Surprise bonanza since Napa quake: dry creeks now flowing

Sep 9, 2014

(SFGate) -  Spring water spurts out of rocks and trickles down the moss- and vine-covered cliffs in Solano County's Green Valley - an oasis in a canyon that was parched by drought only two weeks ago.

That was before Napa's magnitude 6.0 earthquake.

It turns out that the earth's mighty shifting - which caused about $400 million in damage to Napa, Sonoma and Solano counties - also mysteriously forced groundwater to the surface and into several dry or nearly dry creeks and streams in the region.

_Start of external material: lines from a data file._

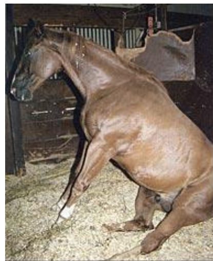
A horse with neurologic EHV-1 that is 'dog-sitting'.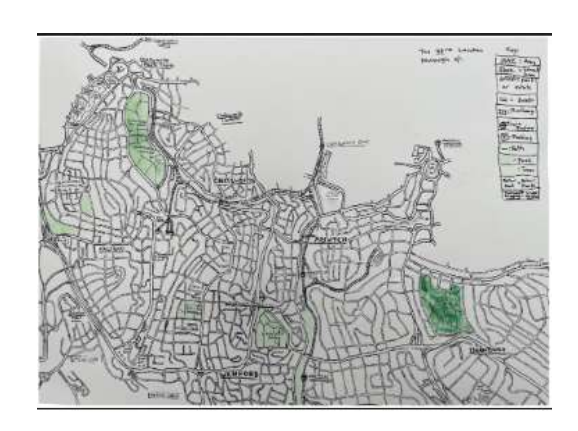
Map of a new section of London Noah Courtin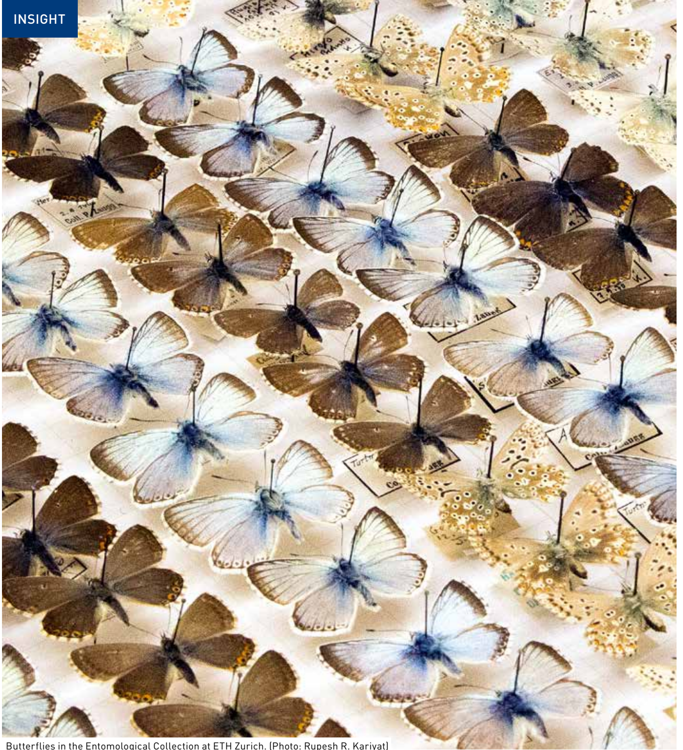
Butterflies in the Entomological Collection at ETH Zurich.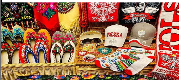
Some of the items available at the Polish Art Center in Hamtramck

Get together with your friends for a fun road trip and register today.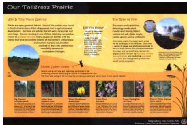
One of the six new interpretive signs in the park.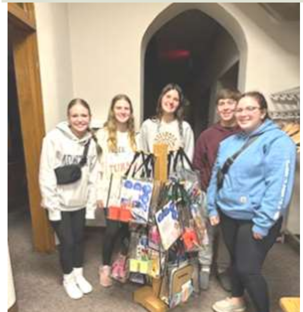
Thank you to the high school youth group for updating the children's church activity bags, they look great and our little ones will enjoy checking them out!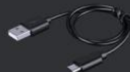
USB Type-C charging cable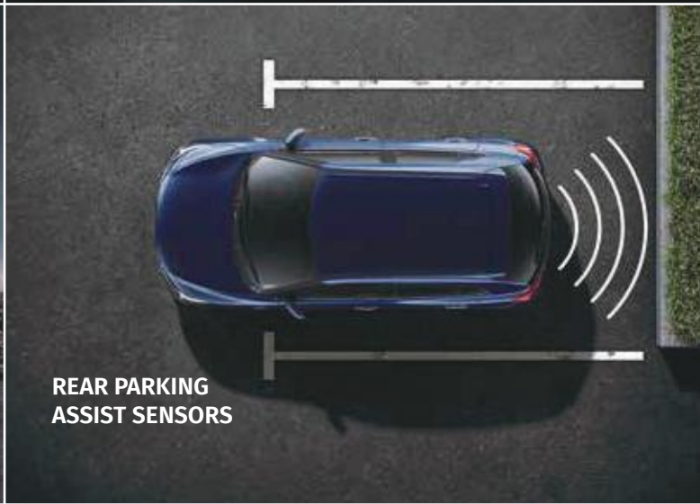
REAR PARKING ASSIST SENSORS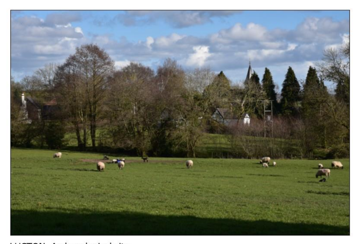
LUCTON Archaeological site

5.3 The orchard separating Orchard Bungalow from the settlement boundary is an important feature recognised in previous local plans, is still important in relation to the setting of the village and adjacent earthworks, and the gap should remain.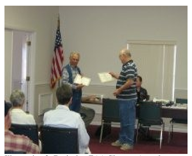
Illustration 3: Recieving EAA Chapter Awards

Our Club Officers recieved thier well deserved EAA Chapter awards for thier services in 2009.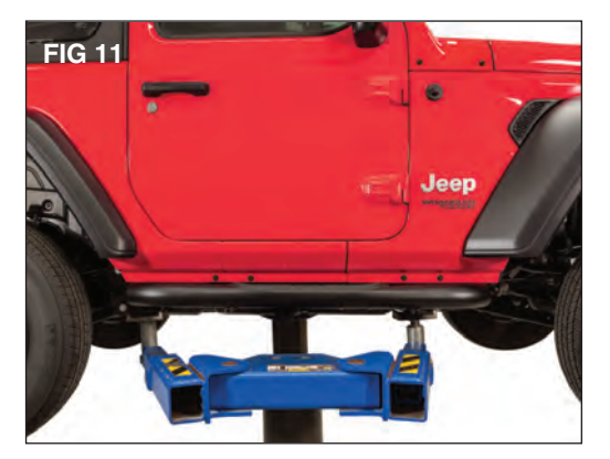
Ensuring that the step is level to the body, slowly tighten the 8mm bolts behind pinch weld on the front and rear mounting brackets. Next, tighten all 6mm hardware so the support brackets are on center with pinch weld holes.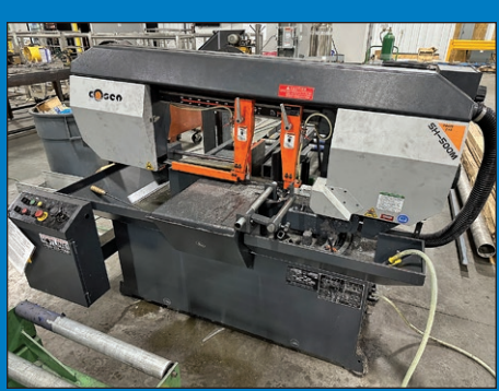
11" x 19" Cosen SH-500M Horizontal Band Saw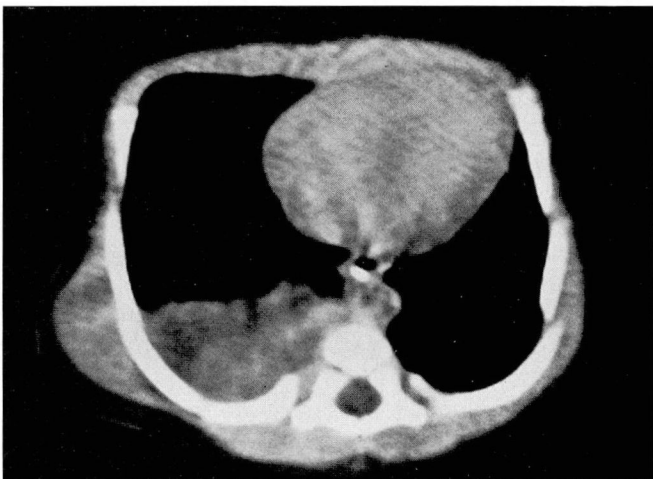
FIGURE 2. CT scan shows a mass in the right posterior hemithorax.

Intraspinal extension was not evident. No displacement or fistulous involvement of the esophagus was seen on an esophogram.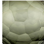
Forest Green & Clear (Round)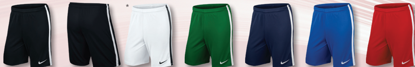
010 Black/White/ (White)

Life-cycle: 01 April 2016 - 31 March 2018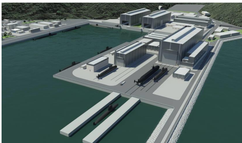
Figure 2: Artistic Conception of CME.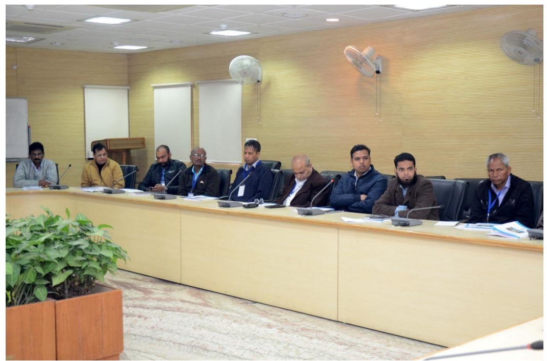
Participants of the Training Programme on Water Quality Monitoring of Surface, Ground, Waste Water / Effluent, Data Interpretation and Quality Assurance 11-13 Feb. 2019, Roorkee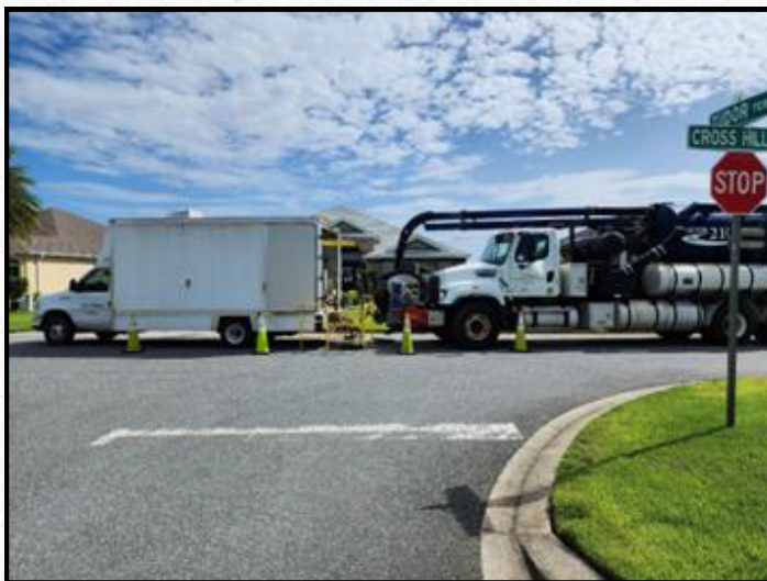
Pictured are the CCTV truck (left) and sewer cleaning truck to the right.

The safety of residents and our personnel is of the utmost importance. If you see signs indicating this activity or trucks such as those pictured below, please exercise caution.

"This was never wet before," said Mark Witherspoon, the reservoir keeper for two of Vallejo's key sources of water, Lakes Madigan and Frey, as he stood amid a steady cascade of water in spectacular Green Valley canyon and pointed out a bubbling, burbling fissure.

Torrents of water have been flowing down Wild Horse and Green Valley creeks and another unnamed waterway in the hills southeast of Napa and northwest of Vallejo since the Aug. 24 quake.

Great for Vallejo

It is a potential bonanza for drought-plagued Vallejo, which built an emergency pipeline from Lake Berryessa in the spring after officials learned that their supply of Sacramento-San Joaquin River Delta water was being cut off. The liquid infusion, which some locals have taken to calling "miracle water," bubbled up within the 1,500-acre watershed that Vallejo has exclusive rights to use.